The explained variability of macrophytic and phytobenthic assemblage structures by different stressor gradient groups was similar for macrophytes and phytobenthic diatoms. The greatest share of variability was explained by the land use and nutrients (LandNut) stressor group and the least by the phosphorus variables and nitrogen variables. Thus, the unexplained portion of variability was still prevalent. Different studies revealed that, even with indices that focus on individual stressors (e.g., trophic status), authors rarely explain >50% of the variability of an index [
85]. However, in all these cases, one does not evaluate only the trophic status but also the general degradation of the riverine ecosystem. To comprise these complex effects, we built a composite gradient using a PCA. Along the first and second axes of the PCA plot, we obtained different land cover gradients. The relationship with the land cover variables was expected, since many studies showed that the land cover presented a key factor affecting the aquatic community [
15,
22,
86]. The first axis represented mainly a gradient of intensive agriculture, while the second axis a gradient of natural areas and urban areas. The gradient vectors of natural areas and urban areas pointed in opposite directions. The relationships between the RMI EQR values, TI EQR values, and the PCA1 and PCA2 varied and were dependent on the gradient lengths. In the case of the RMI EQR values, stronger relationships were observed for shorter gradients of lower stressor values and decreased as the gradient extended towards higher values. We obtained a significant relationship with PCA1 at low mean annual values of the total phosphorus, which was related to intensive agriculture in the subcatchment. With the TI EQR values, no significant relationships were determined. This may be due to the long-term response of macrophytes to their habitat conditions, including those related to land use changes, which may result in continuous sediment accumulation and nutrient input [
87], while phytobenthos mainly responded to short-term changes of the nutrients in the water [
1,
8].
The observed similarities in the explained variability of the macrophytic and phytobenthic assemblage structures by different stressor gradient groups (nutrients and land use) and differences in the indices performances might indicate the individual assessment index limitations.
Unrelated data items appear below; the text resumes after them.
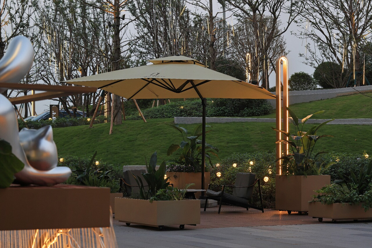 當夜幕降臨,重慶之丘化身為一座閃耀的「靈感之城」。燈光的設計不僅為了照明,更是情緒的描繪。天幕燈、氛圍燈、樹掛燈交織出多層次的光影節奏,如同城市心臟的脈搏。設計團隊以人為本,讓燈光成為社區的語言。無論是草叢間的微光,或座椅旁的暖燈,都像是一種溫柔的召喚。柔和的光線不僅營造出溫馨氛圍,也讓行人感受到被城市擁抱的安全感。這裡的每一盞燈,都在述說著人與空間的關係。光與影的交錯,是生活的韻律;而社區的凝聚,正從這樣的細節開始蔓延。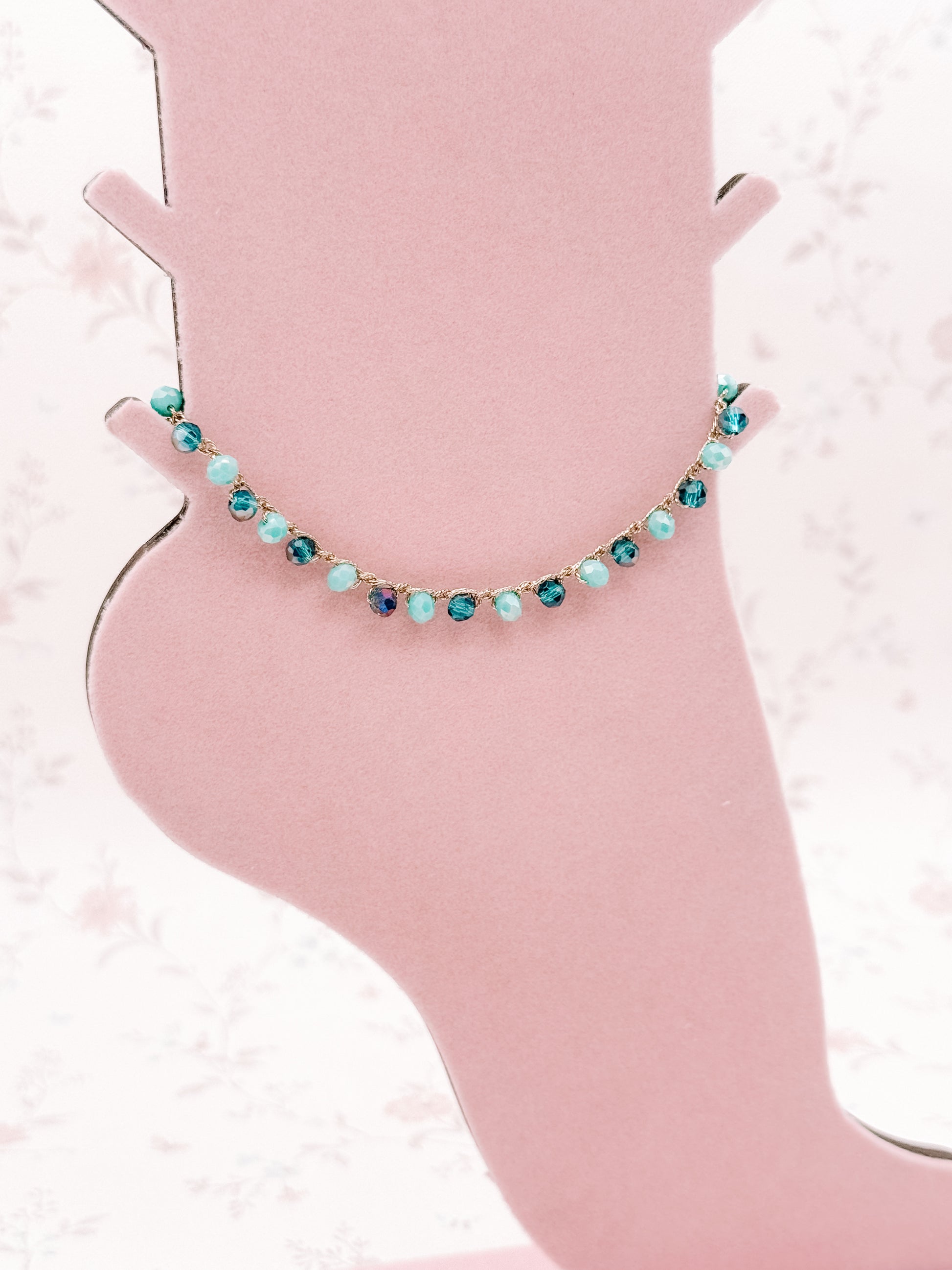 La cavigliera Maddalena è un gioiello delicato e luminoso, realizzato interamente all’uncinetto con cura artigianale. È impreziosita da cristalli verde acqua e ottanio che donano luce e raffinatezza al collo, creando un effetto fresco e luminoso.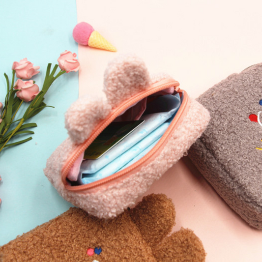 Plush Teddy Bear Face Zipper Pouch (2 Designs)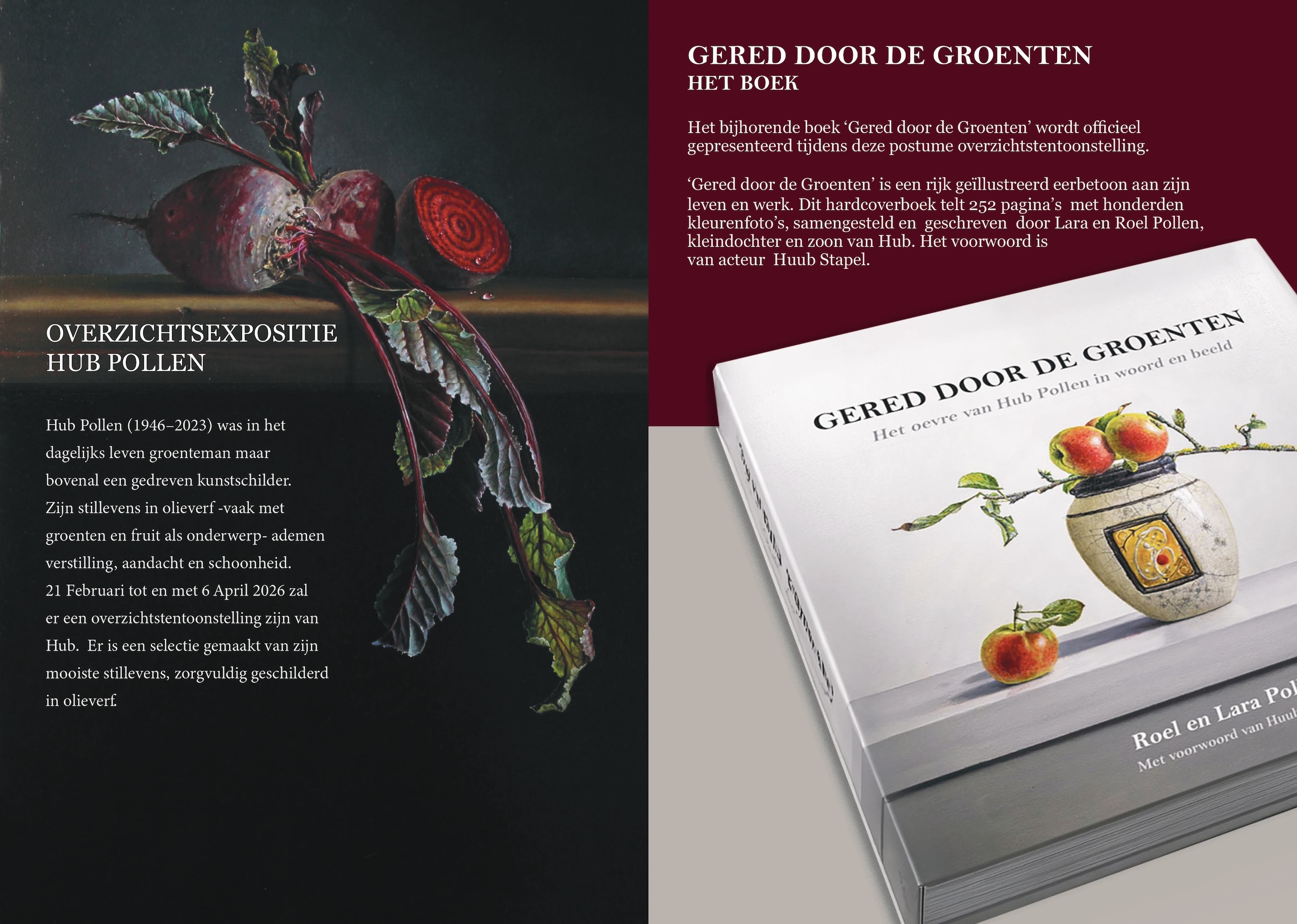 Om 14.00 uur vindt de presentatie plaats van het boek “ Gered door de groenten” over wijlen Hub Pollen, een uitgave die met grote toewijding werd samengesteld door zijn zoon Roel en kleindochter Lara. Dit boek vormt een liefdevol eerbetoon aan een kunstenaar die met zijn werk een blijvende indruk heeft achtergelaten. In de galerie zijn momenteel maar liefst veertig werken van zijn hand te bewonderen. Samen bieden zij een indrukwekkend en veelzijdig overzicht van zijn oeuvre, waarin zijn karakteristieke vormentaal en artistieke bevlogenheid krachtig naar voren komen.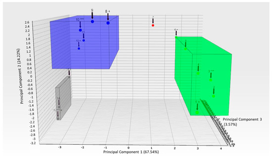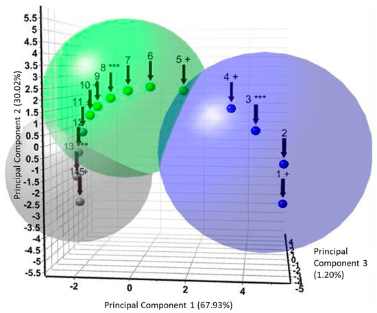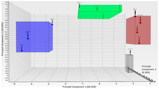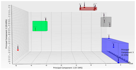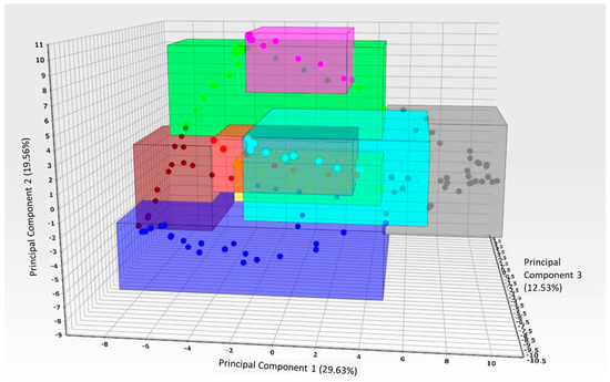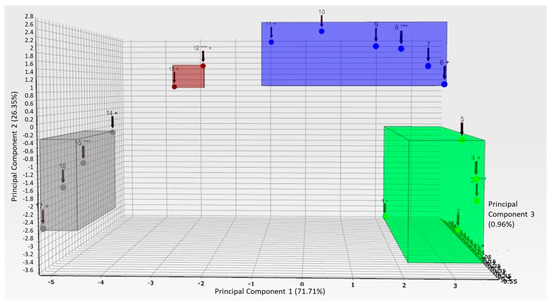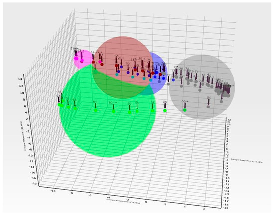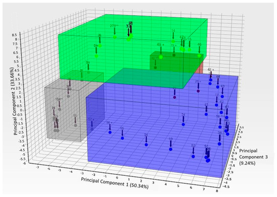 PCA plots [40,43] using the resulting eigenvectors, can create a three-dimensional arrangement of first three principal components and can show thereof the XRD data belonging to the different clusters.

Each index was developed with a specific dataset and tested against selected stressor gradient data. Usually, the stressor gradient applied in studies is for necessity, a simplification of the true stressor gradient to which biota are exposed. Despite all the limitations, biological assemblages offer more stable information about the ecological status of a given ecosystem than abiotic variables, although we cannot always perfectly relate them. Macrophytes and phytobenthos assemblages reflect varied faces of the same river ecosystems.